*Data records*
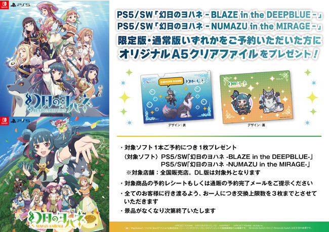 『幻日のヨハネ -BLAZE in the DEEPBLUE-』もしくは『幻日のヨハネ - NUMAZU in the MIRAGE -』の予約レシート/予約完了メールをご提示いただいた方に、2タイトルがコラボレーションした特別なデザインの「オリジナルA5クリアファイル」をプレゼント!
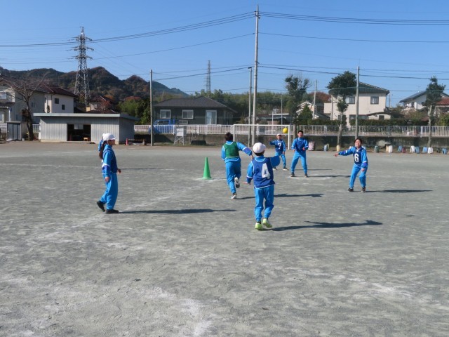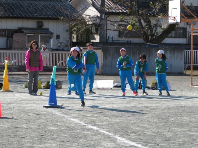 ティーボールです。試合を重ねるごとにどんどん上達しています。点をとるには?一番いい守備のパターンは?5・6年生にもなると、相手の特徴を考えたうえでの作戦をたてようとすることができます。試合の中では、瞬時に判断して、声を出して仲間に指示することができます。それが見ていておもしろいので、実際にプレーしている児童はとてもとても楽しんでいることと思います。
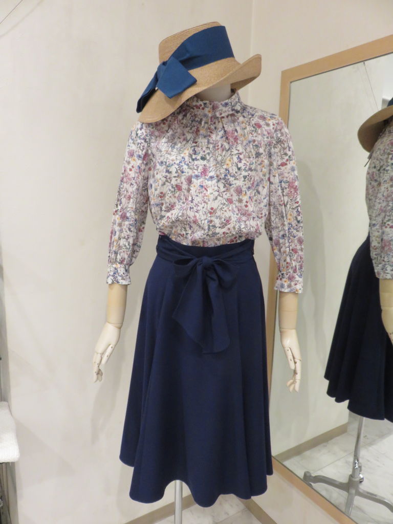 ウエストリボンのフレアスカートと。
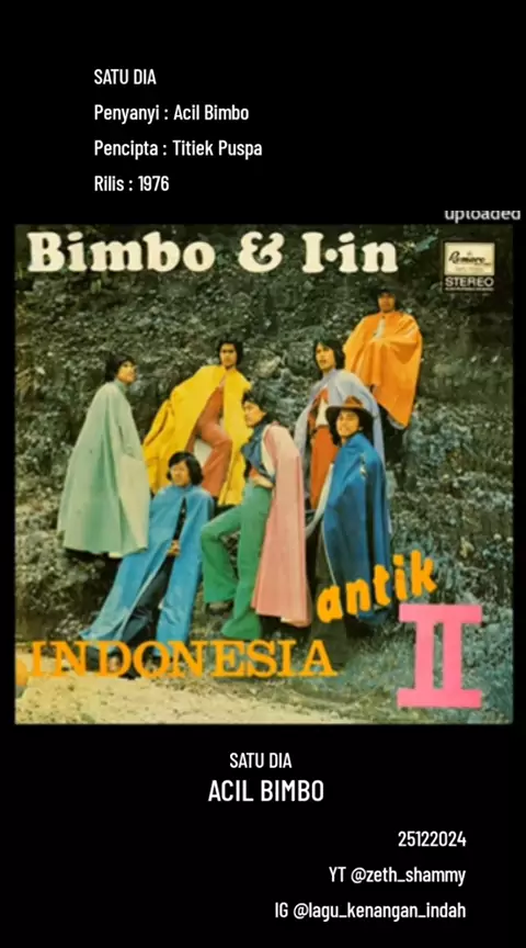 SATU DIA Penyanyi : Acil Bimbo Pencipta : Titiek Puspa Rilis : 1976 #satudia_acilbombo #satudia #acilbombo #titiekpuspa #longervideos #musiknusantara #musiklegendaris #oldies #oldiesbutgoodies #lagukenangan #lagukenanganindah #laguenakdimasanya #lagujadul #zethshammyapalem
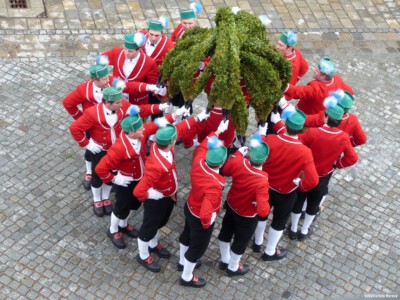 Ist das Sommerhaus gebildet, so werden die Bögen gehoben und die ganze Figur dreht sich einmal linksherum, dann mit einer Kehrtwendung einmal rechtsherum.

*What is expected*
Leave out the images and repeat the rest of the data word for word.

*Exercise response*
 『幻日のヨハネ -BLAZE in the DEEPBLUE-』もしくは『幻日のヨハネ - NUMAZU in the MIRAGE -』の予約レシート/予約完了メールをご提示いただいた方に、2タイトルがコラボレーションした特別なデザインの「オリジナルA5クリアファイル」をプレゼント!
 ティーボールです。試合を重ねるごとにどんどん上達しています。点をとるには?一番いい守備のパターンは?5・6年生にもなると、相手の特徴を考えたうえでの作戦をたてようとすることができます。試合の中では、瞬時に判断して、声を出して仲間に指示することができます。それが見ていておもしろいので、実際にプレーしている児童はとてもとても楽しんでいることと思います。
 ウエストリボンのフレアスカートと。
 SATU DIA Penyanyi : Acil Bimbo Pencipta : Titiek Puspa Rilis : 1976 #satudia_acilbombo #satudia #acilbombo #titiekpuspa #longervideos #musiknusantara #musiklegendaris #oldies #oldiesbutgoodies #lagukenangan #lagukenanganindah #laguenakdimasanya #lagujadul #zethshammyapalem
 Ist das Sommerhaus gebildet, so werden die Bögen gehoben und die ganze Figur dreht sich einmal linksherum, dann mit einer Kehrtwendung einmal rechtsherum.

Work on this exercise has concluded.